Bosses at the British luxury fashion brand are likely to face an awkward annual general meeting (AGM) on Tuesday amid growing shareholder unrest.
Burberry shares fell from a high of 2,609 pence in April 2023 to 886.6 pence yesterday, a drop of 66 per cent.
One disgruntled investor said: “The revolving door of CEOs, designers and CFOs needs to end, with a complete overhaul of the management team and non-executive board.”
‘Burberry’s management has caused its share price to plummet, with more than 4% of shares held in short positions (when traders bet that the share price will fall).
“This is compounded by a significant decline in sales, profits and cash flow. The only indicator that is increasing is debt.”
Even the outfits worn by saleswomen in Burberry’s luxury stores seem to reflect the luxury brand’s current plight.
“The uniforms are more Primark-esque than luxury brands. To me, that’s a symbol of Burberry’s failed fashion strategy,” the investor said.
The mood has been further dampened by rumours that the low valuation of the company founded in 1856 could prompt a takeover bid from a bidder keen to acquire a piece of British heritage at a bargain price.
French luxury giant LVMH is seen as a potential predator and its chief executive Bernard Arnault is renowned for his ability to revive dull luxury brands, including Tiffany and Berluti.
Private equity groups could also be on the lookout.
Luca Solca, an analyst at Bernstein, said Burberry had always been considered too expensive by buyout firms, but “it’s harder to rule that out today given the direction the market capitalisation has taken.”
Burberry is credited with inventing the trench coat for soldiers during World War I and current versions of this “traditional raincoat” are selling well.
But the new collection of bags and clothing from creative director Daniel Lee, appointed in 2022, appears to lack the must-have style for those with deep pockets, a group Burberry is targeting with its “high” prices.
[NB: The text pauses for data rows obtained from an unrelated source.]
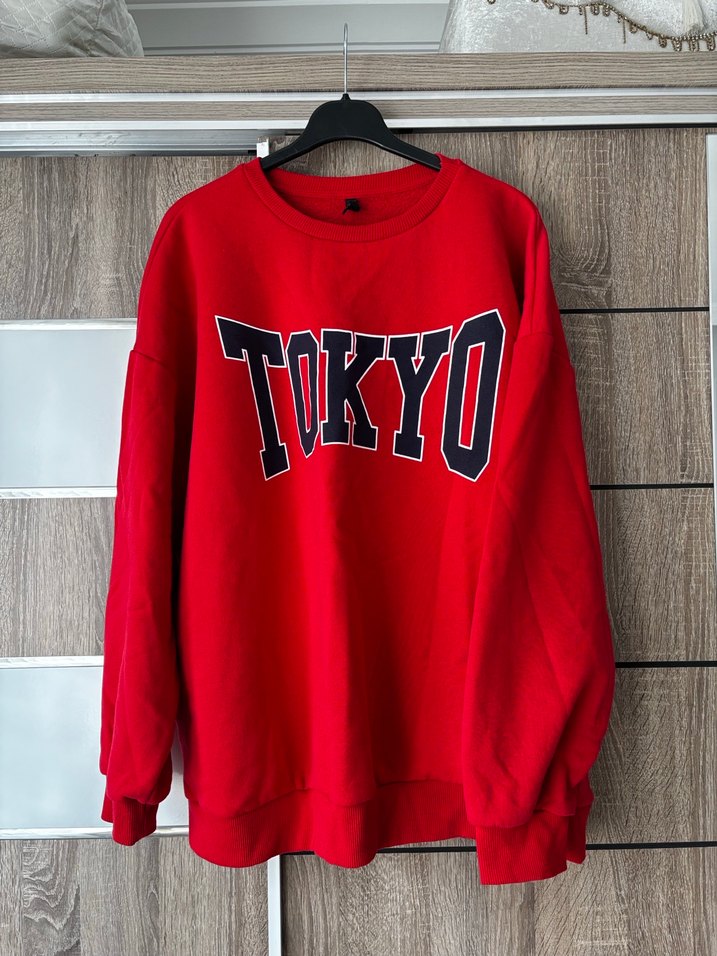 Kırmızı renkte, uzun kollu ve yuvarlak yakalı, bol kesim bir sweatshirt. Yumuşak sentetik kumaştan üretilmiş ve 'TOKYO' baskısına sahip. Günlük sokak stiline uygun.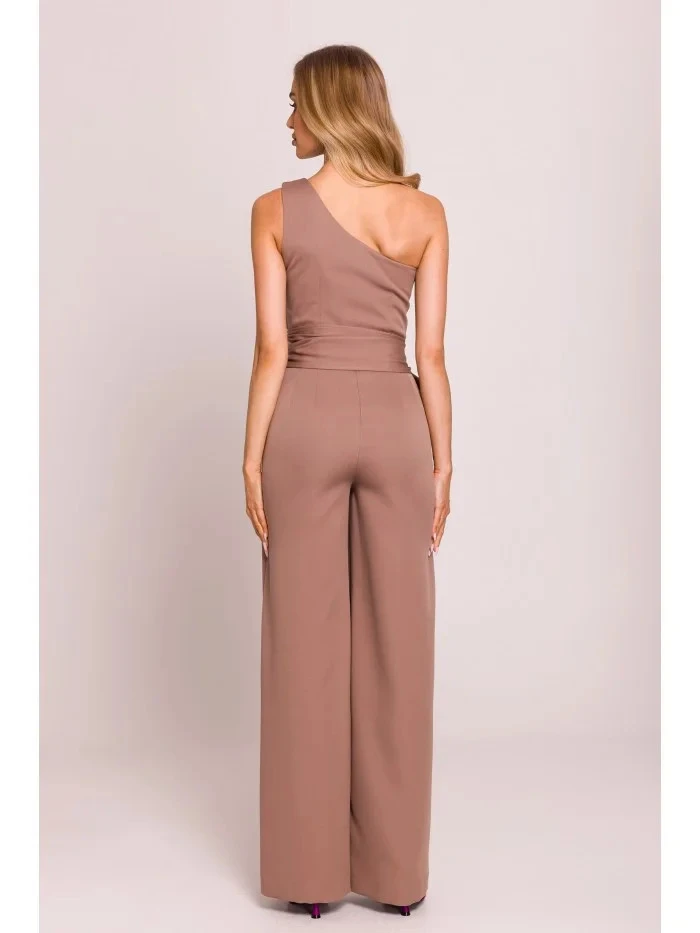 - asymetrický jednodílný overal design na jedno rameno se šerpami na zavazování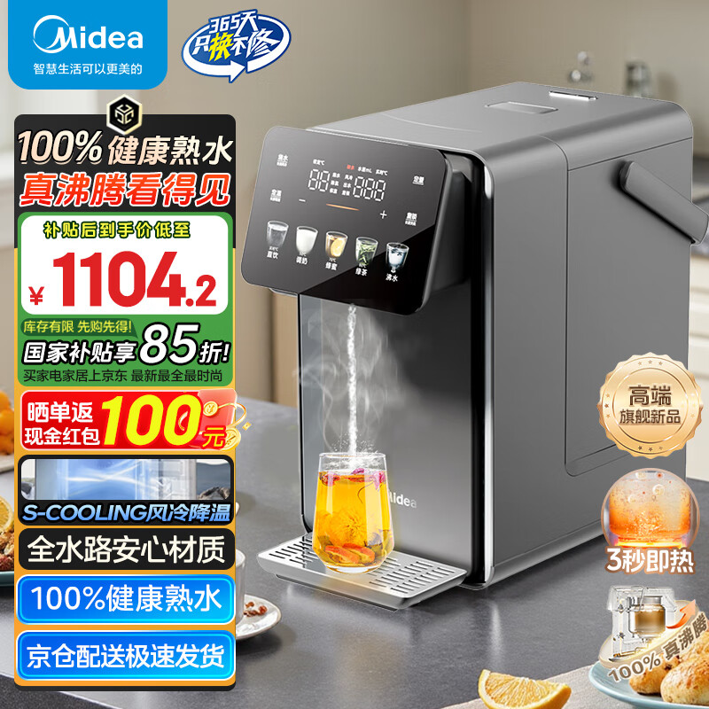 旗舰店美的(Midea)小魔方plus即热熟水机 饮水机电热水瓶电水瓶 烧水壶电热水壶 保温恒温一体真沸腾除氯32FPRO 5L 【100%真沸腾】3秒即热熟水机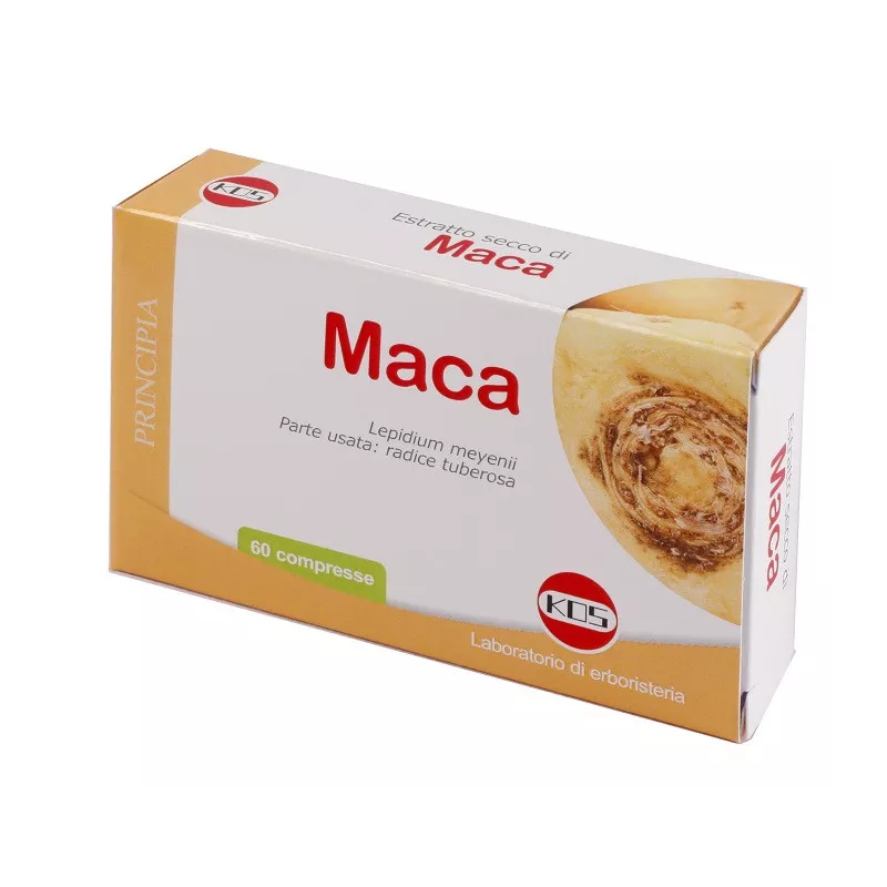 Descrizione Integratore alimentare a base di estratto secco di Maca, indicata come tonico-adattogeno (stanchezza fisica, mentale), azione tonica e di sostegno metabolico.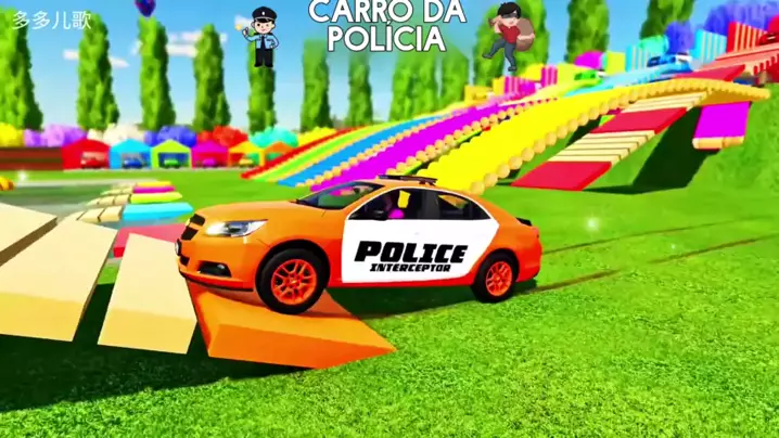 Carro de polícia dos desenhos animados do vídeo das crianças dos esportes

At the same time, aspirational shoppers, always a key clientele, may be put off by such prices.
Burberry is not alone in its troubles, amid slowing spending in China, which accounts for 35 percent of global luxury goods sales, according to management consultancy Bain.
Sales and profits have also been weak at Gucci, a division of the Kering conglomerate.
But investors say Burberry Chief Executive Jonathan Akeroyd and his fellow directors are using the slowdown as a smokescreen. In May, the company said pre-tax profits for the year to March fell to £383m from £634m a year earlier.
Akeroyd spoke of “refocusing” the brand, with an emphasis on its Britishness, although the results of this are unlikely to emerge until the second half of 2025. Burberry declined to comment yesterday.